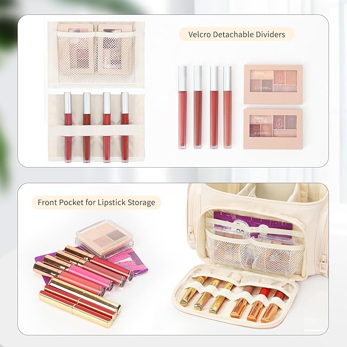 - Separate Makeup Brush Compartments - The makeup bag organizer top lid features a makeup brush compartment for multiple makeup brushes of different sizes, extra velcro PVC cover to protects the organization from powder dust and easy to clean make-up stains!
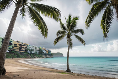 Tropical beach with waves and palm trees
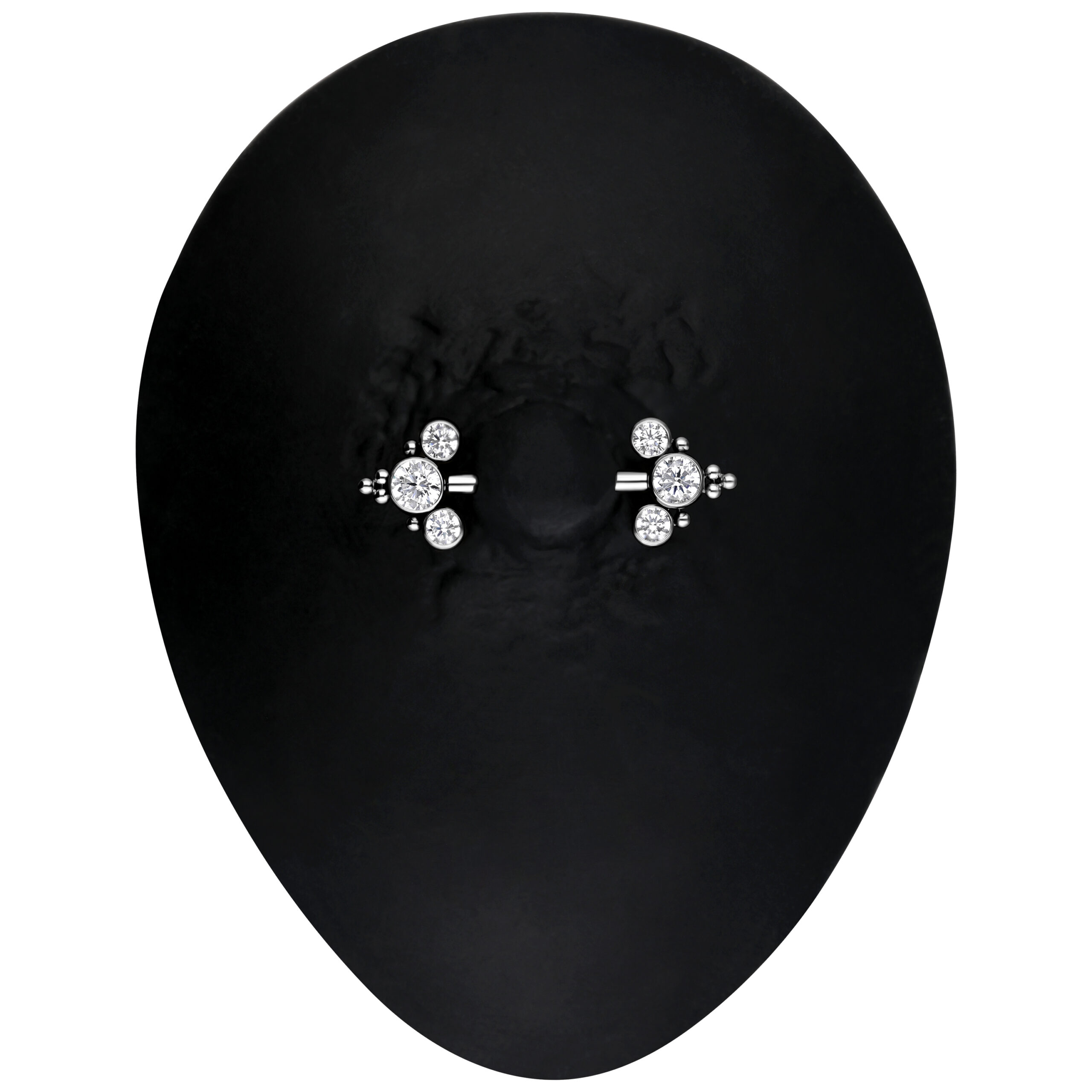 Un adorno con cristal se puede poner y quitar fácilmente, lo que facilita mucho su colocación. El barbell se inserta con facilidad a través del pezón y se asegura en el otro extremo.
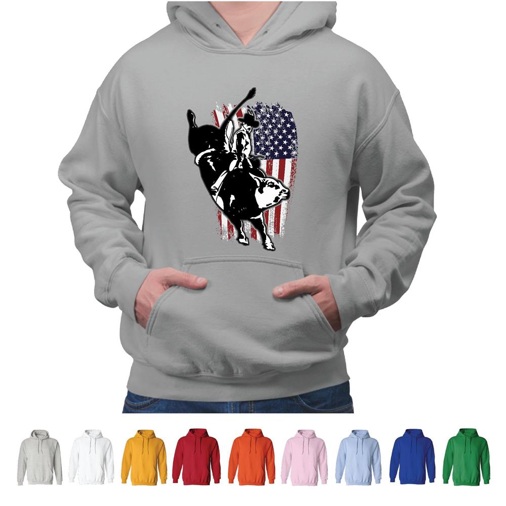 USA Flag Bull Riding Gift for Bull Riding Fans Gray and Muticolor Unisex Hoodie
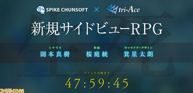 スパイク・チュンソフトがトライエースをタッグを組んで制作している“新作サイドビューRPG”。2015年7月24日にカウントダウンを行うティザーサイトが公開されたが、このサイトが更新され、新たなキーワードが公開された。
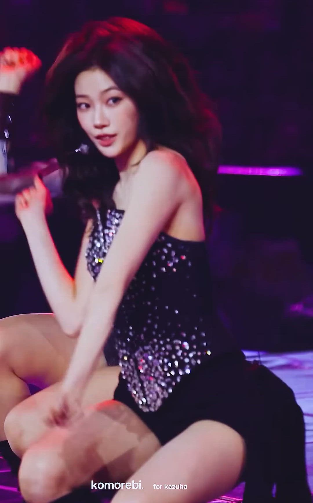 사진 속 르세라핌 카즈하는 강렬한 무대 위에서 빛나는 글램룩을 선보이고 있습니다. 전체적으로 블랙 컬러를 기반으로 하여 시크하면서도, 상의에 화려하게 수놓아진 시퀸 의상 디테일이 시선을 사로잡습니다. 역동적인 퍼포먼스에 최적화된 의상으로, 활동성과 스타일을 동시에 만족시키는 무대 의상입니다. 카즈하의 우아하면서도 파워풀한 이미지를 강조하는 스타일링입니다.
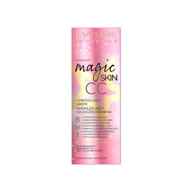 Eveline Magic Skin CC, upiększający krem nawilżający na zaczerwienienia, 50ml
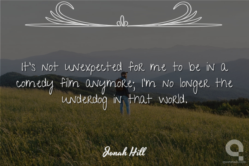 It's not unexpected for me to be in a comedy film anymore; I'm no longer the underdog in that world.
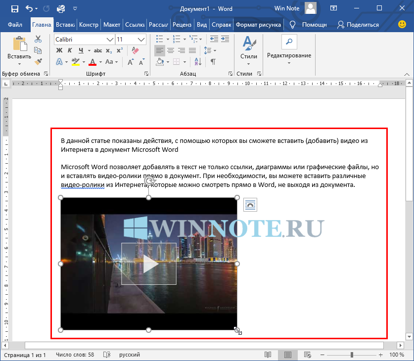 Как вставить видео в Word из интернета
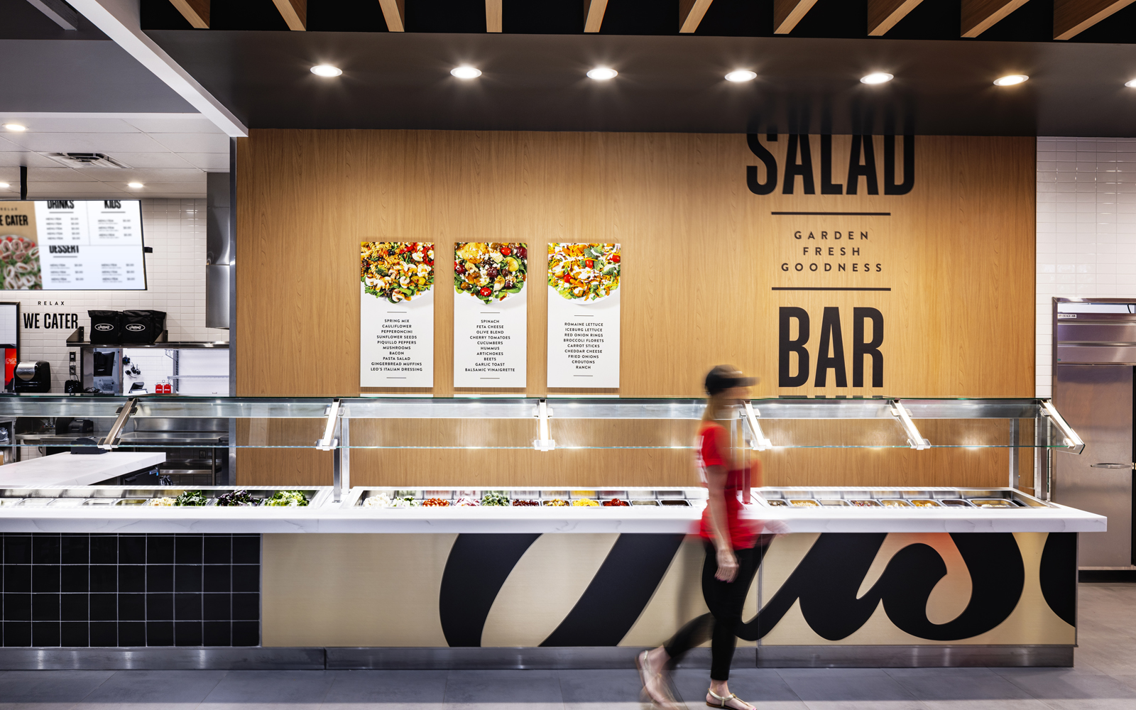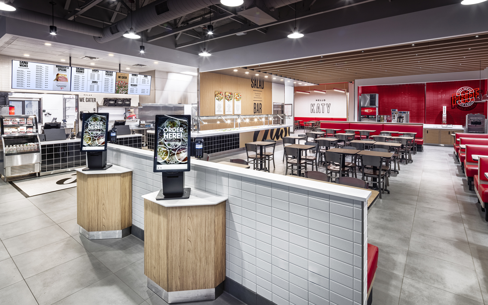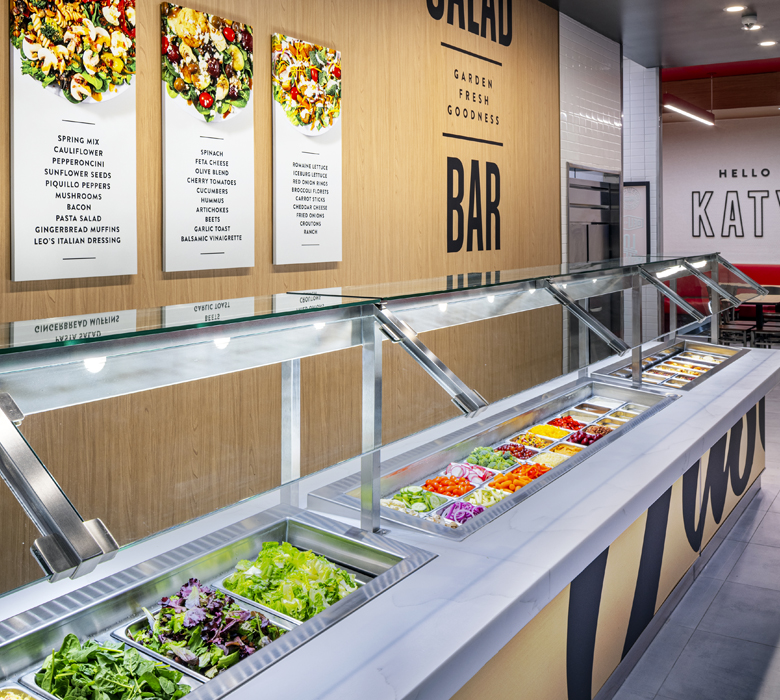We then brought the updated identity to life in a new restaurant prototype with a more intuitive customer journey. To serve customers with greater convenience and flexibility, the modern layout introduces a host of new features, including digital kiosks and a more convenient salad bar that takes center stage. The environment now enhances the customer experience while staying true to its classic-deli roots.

______________________________

- _WHAT YOU WILL DO_: Give again, exactly, the lines starting at the first entry above and ending at the line with "Как вставить видео в Word из интернета"; please leave pictures out.

- _SOLUTION_:
 - Separate Makeup Brush Compartments - The makeup bag organizer top lid features a makeup brush compartment for multiple makeup brushes of different sizes, extra velcro PVC cover to protects the organization from powder dust and easy to clean make-up stains!
 Tropical beach with waves and palm trees
 Un adorno con cristal se puede poner y quitar fácilmente, lo que facilita mucho su colocación. El barbell se inserta con facilidad a través del pezón y se asegura en el otro extremo.
 USA Flag Bull Riding Gift for Bull Riding Fans Gray and Muticolor Unisex Hoodie
 スパイク・チュンソフトがトライエースをタッグを組んで制作している“新作サイドビューRPG”。2015年7月24日にカウントダウンを行うティザーサイトが公開されたが、このサイトが更新され、新たなキーワードが公開された。
 사진 속 르세라핌 카즈하는 강렬한 무대 위에서 빛나는 글램룩을 선보이고 있습니다. 전체적으로 블랙 컬러를 기반으로 하여 시크하면서도, 상의에 화려하게 수놓아진 시퀸 의상 디테일이 시선을 사로잡습니다. 역동적인 퍼포먼스에 최적화된 의상으로, 활동성과 스타일을 동시에 만족시키는 무대 의상입니다. 카즈하의 우아하면서도 파워풀한 이미지를 강조하는 스타일링입니다.
 Eveline Magic Skin CC, upiększający krem nawilżający na zaczerwienienia, 50ml
 It's not unexpected for me to be in a comedy film anymore; I'm no longer the underdog in that world.
 Как вставить видео в Word из интернета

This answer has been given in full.